* Task details: Copy, word for word, the lines of the listing below from the line with "Du bist auf" up to and including the line with "Create a dramatic". Drop the pictures.

* Recorded information:
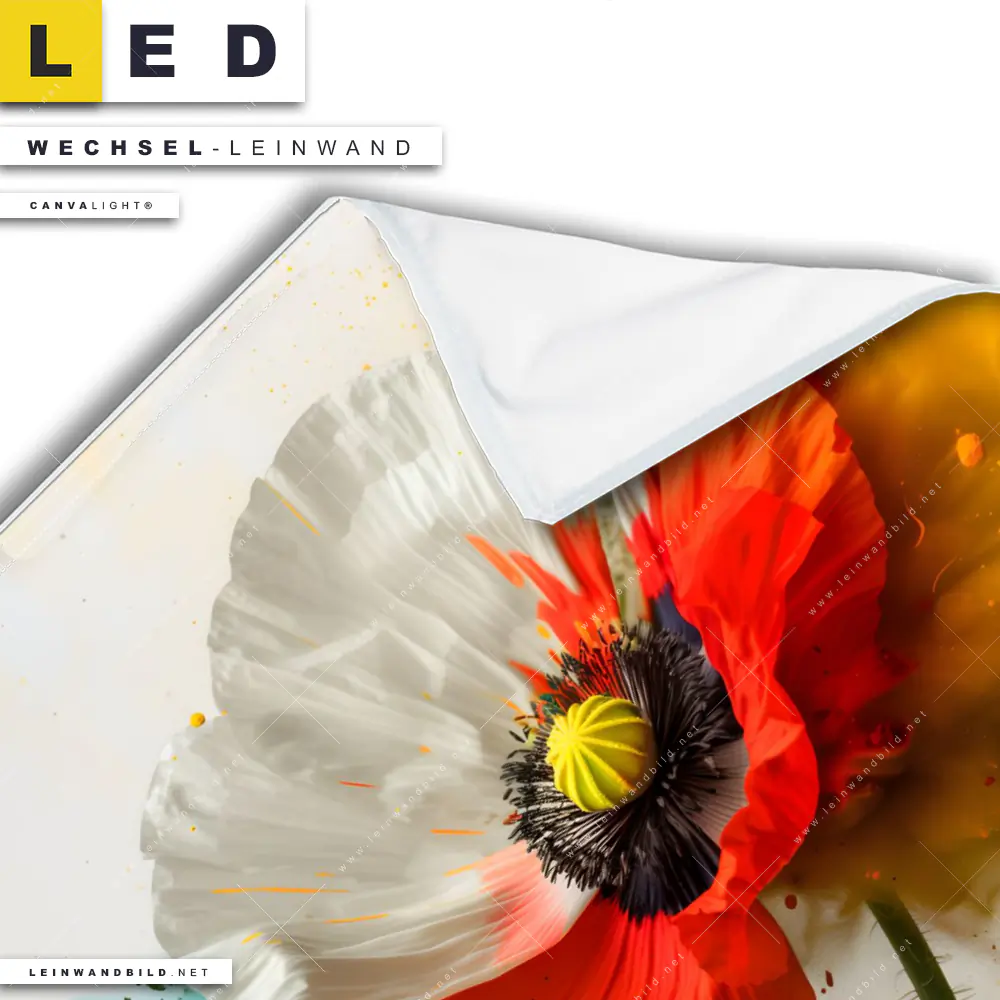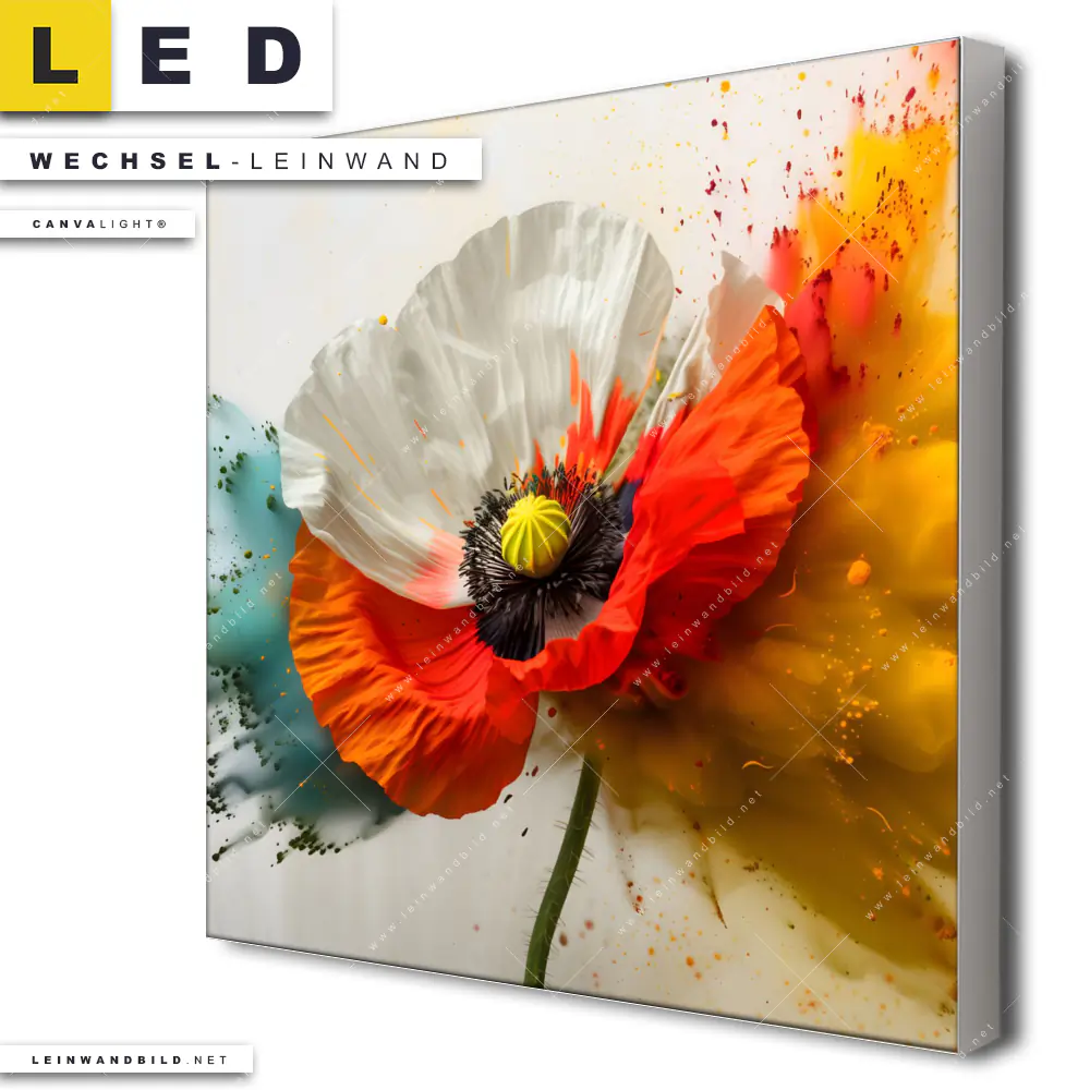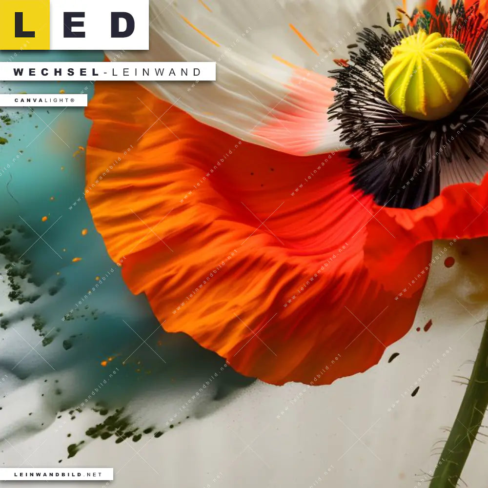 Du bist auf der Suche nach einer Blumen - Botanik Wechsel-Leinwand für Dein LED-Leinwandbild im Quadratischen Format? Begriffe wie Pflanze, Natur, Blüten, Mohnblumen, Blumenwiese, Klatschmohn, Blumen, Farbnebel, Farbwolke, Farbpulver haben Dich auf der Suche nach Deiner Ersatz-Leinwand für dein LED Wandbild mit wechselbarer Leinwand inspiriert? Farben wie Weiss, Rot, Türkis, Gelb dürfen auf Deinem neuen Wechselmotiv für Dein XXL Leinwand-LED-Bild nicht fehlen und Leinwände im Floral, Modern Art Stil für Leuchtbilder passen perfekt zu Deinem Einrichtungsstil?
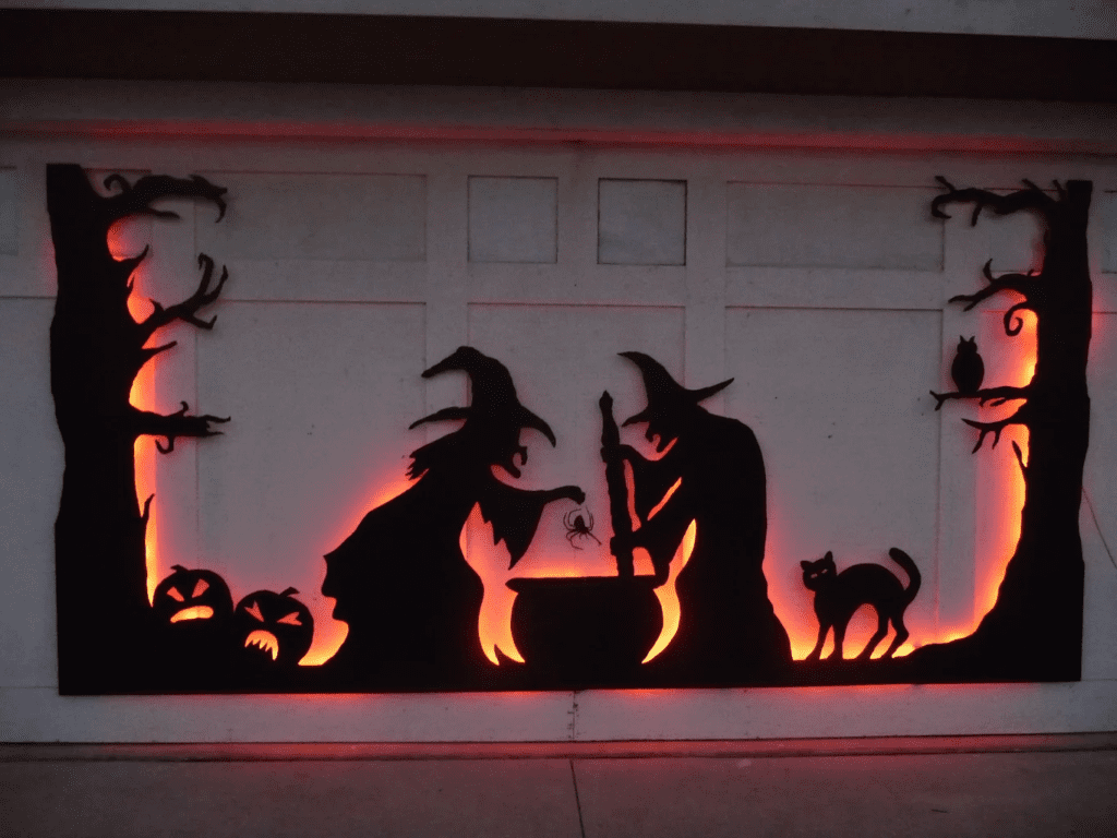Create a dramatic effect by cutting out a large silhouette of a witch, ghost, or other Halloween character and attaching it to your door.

...

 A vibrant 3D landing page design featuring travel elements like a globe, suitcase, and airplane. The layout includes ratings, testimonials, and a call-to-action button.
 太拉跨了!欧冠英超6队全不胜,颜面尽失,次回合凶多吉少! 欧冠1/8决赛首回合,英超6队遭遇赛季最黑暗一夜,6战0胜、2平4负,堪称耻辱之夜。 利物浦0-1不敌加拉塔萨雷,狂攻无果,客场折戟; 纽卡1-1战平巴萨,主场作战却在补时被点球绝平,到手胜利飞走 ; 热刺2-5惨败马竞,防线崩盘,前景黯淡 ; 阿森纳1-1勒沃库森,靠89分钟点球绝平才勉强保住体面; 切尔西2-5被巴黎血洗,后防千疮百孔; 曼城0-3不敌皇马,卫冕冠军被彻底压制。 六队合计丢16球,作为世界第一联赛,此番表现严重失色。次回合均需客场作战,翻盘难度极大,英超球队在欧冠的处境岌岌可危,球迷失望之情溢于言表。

* Solution to the exercise:
 Du bist auf der Suche nach einer Blumen - Botanik Wechsel-Leinwand für Dein LED-Leinwandbild im Quadratischen Format? Begriffe wie Pflanze, Natur, Blüten, Mohnblumen, Blumenwiese, Klatschmohn, Blumen, Farbnebel, Farbwolke, Farbpulver haben Dich auf der Suche nach Deiner Ersatz-Leinwand für dein LED Wandbild mit wechselbarer Leinwand inspiriert? Farben wie Weiss, Rot, Türkis, Gelb dürfen auf Deinem neuen Wechselmotiv für Dein XXL Leinwand-LED-Bild nicht fehlen und Leinwände im Floral, Modern Art Stil für Leuchtbilder passen perfekt zu Deinem Einrichtungsstil?
Create a dramatic effect by cutting out a large silhouette of a witch, ghost, or other Halloween character and attaching it to your door.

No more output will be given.